Financial & competing interests disclosure
G Aprile received grants from Roche, Sanofi and Eli-Lilly as speaker meetings focused on gastrointestinal cancers. The authors have no other relevant affiliations or financial involvement with any organization or entity with a financial interest in or financial conflict with the subject matter or materials discussed in the manuscript apart from those disclosed.
No writing assistance was utilized in the production of this manuscript.
Angiogenesis is one of the hallmarks of tumor growth, invasion and metastases and its inhibition is a therapeutic option for the treatment of cancer.
Bevacizumab is the most studied antiangiogenic drug in breast cancer.
The role of bevacizumab in the therapeutic management of breast cancer is controversial.

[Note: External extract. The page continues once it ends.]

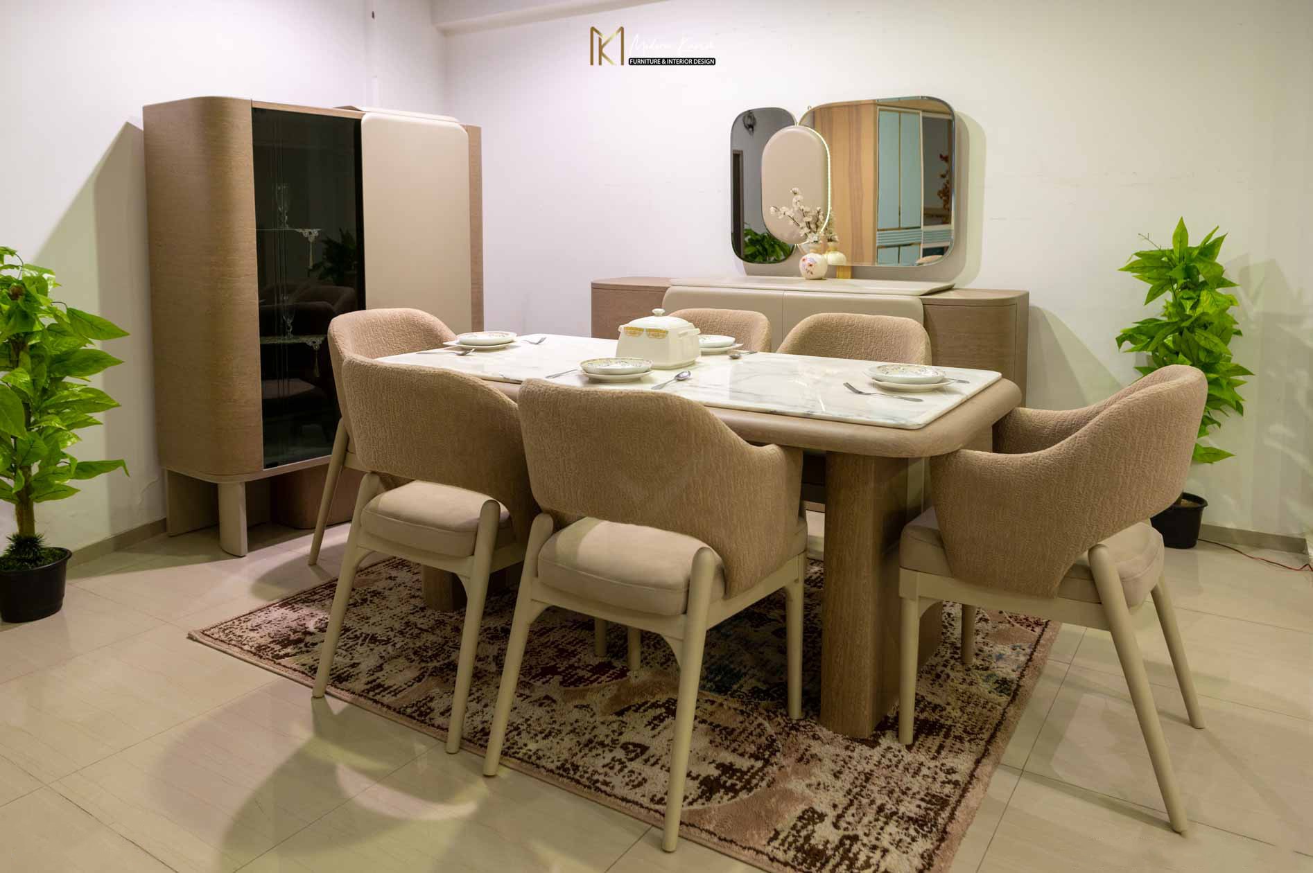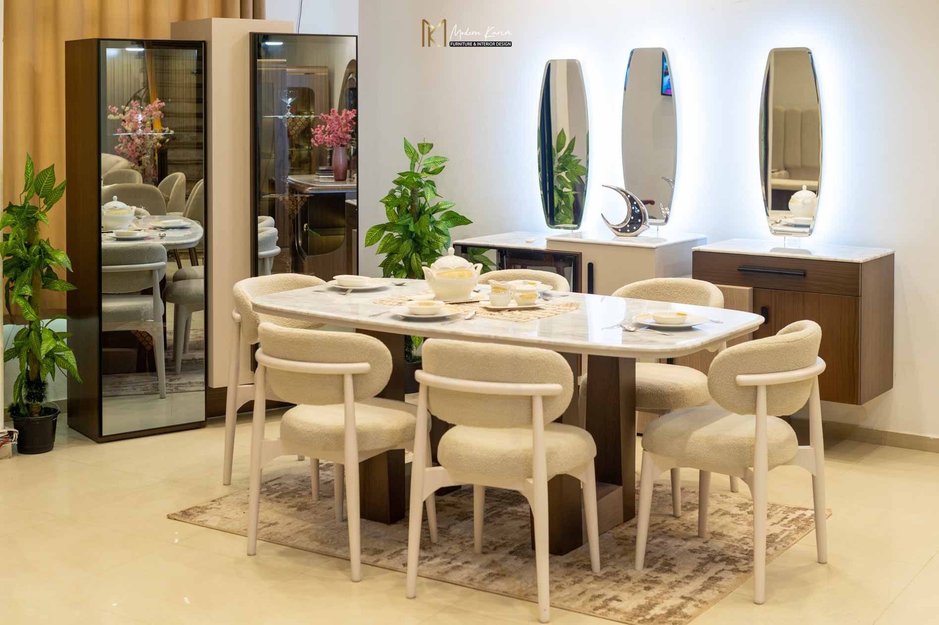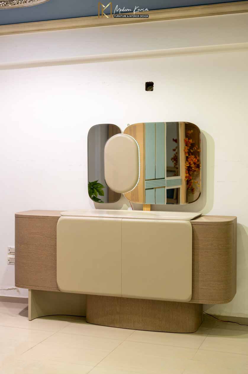 يكتمل الطقم ببوفيه خشبي فاخر بلون بني فاتح وأبواب بيج أنيقة، يتكوّن الجزء العلوي من البوفيه من إطار مرايا مميز بثلاثة أجزاء؛ مرأتان جانبيتان بتصميم مستطيل بزوايا منحنية، يتوسطهما جزء خشبي بشكل بيضاوي بلون بيج بدون مرآة، يضيف لمسة فنية أنيقة تعزز من جمال التصميم وتكامل الألوان.

In the advanced setting, the addition of bevacizumab to chemotherapy regimens obtained a modest but significant improvement in progression-free survival with manageable toxicity but no overall survival advantage.
Clinical trials testing other antibodies targeting angiogenesis, such as aflibercept or ramucirumab, produced disappointing results.
Tyrosine kinases inhibitors have some activity, but their toxicities limit the possibility of combination with chemotherapy.
Overall survival and biomarker data are critical to understand how to apply these data to the clinic.
Future challenges of antiangiogenic therapy include a better understatement of the underpinning disease-specific biology.